No pictures, please: print exactly the lines from the one that contains "3.打开分栏的对话框,预设选择:两栏,应用于选择:插入点之后。" through the last line of the listing.
---- Given records
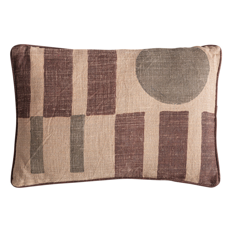 Cojin Anzaty de estilo Clasico Fabricado en Yute en Color Beige Combinado Con Fibra Natural en Color Tonos en Verde. Producto desenfundable.
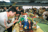 【人間社記者覺亞大樹報導】這次高雄縣素食烹飪大賽中,有一群來自國際的素食愛好者,志在參賽,不在獎金,因此主辦單位特別規畫「結緣組」,以供他們大顯身手。比賽結果,韓國弘法寺的選手,以石鍋拌飯、人蔘養生沙拉、五味茶、五色糕拔得頭籌,奪得金牌獎,佛光山叢林學院女眾學部贏得銀牌。
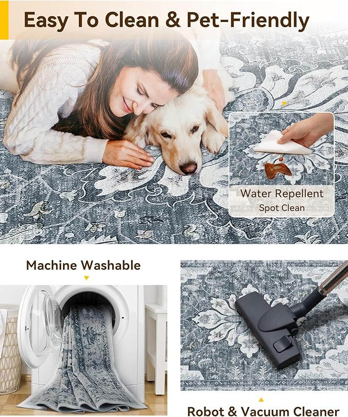 - Soft Surface and Non-slip Backing: this area rug is made of low-pile soft material which feels great underfoot. With its low pile, the fibers are short and tightly packed together, creating a smooth and even surface. Your pets gonna love it. And the non-slip backing makes the rug stays in place.
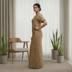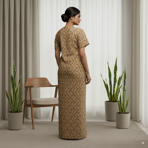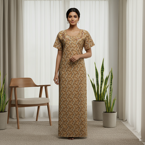 Golden Brown Printed Cotton Nighty with Embroidered Neck
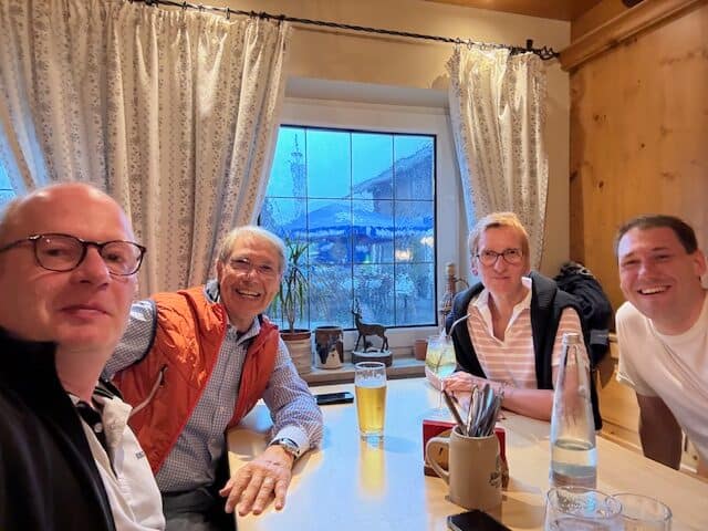 Pierre et Frank retournent à la piscine/sauna. Je prend un thé et j’écris ces quelques lignes ! Diner dans un restaurant du village, dernier diner ensemble pour ces super vacances…
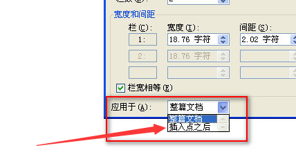 3.打开分栏的对话框,预设选择:两栏,应用于选择:插入点之后。
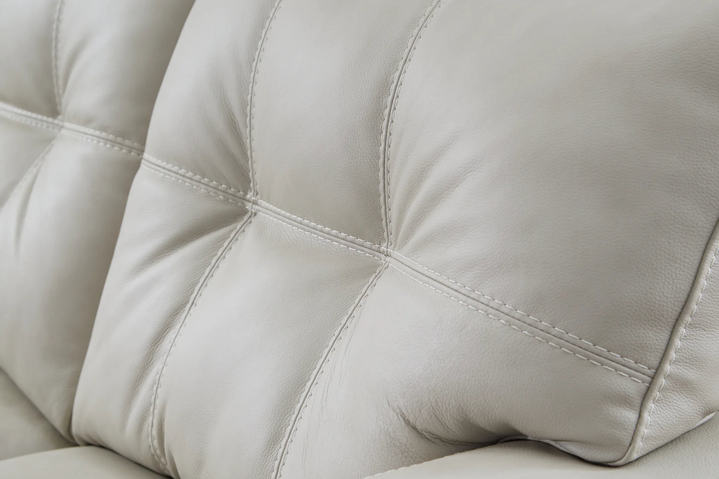 - 100% top grain leather covers inside areas such as the back, seat and arm cushions; skillfully matched faux leather covers the remaining areas
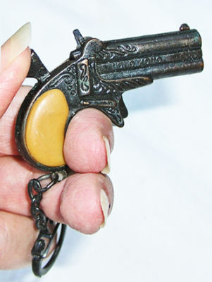Title (ebay affiliate link): Vintage Metal Derringer Gun Key Chain Hammer Cocks Trigger works
--------
*Solution*:
 3.打开分栏的对话框,预设选择:两栏,应用于选择:插入点之后。
 - 100% top grain leather covers inside areas such as the back, seat and arm cushions; skillfully matched faux leather covers the remaining areas
Title (ebay affiliate link): Vintage Metal Derringer Gun Key Chain Hammer Cocks Trigger works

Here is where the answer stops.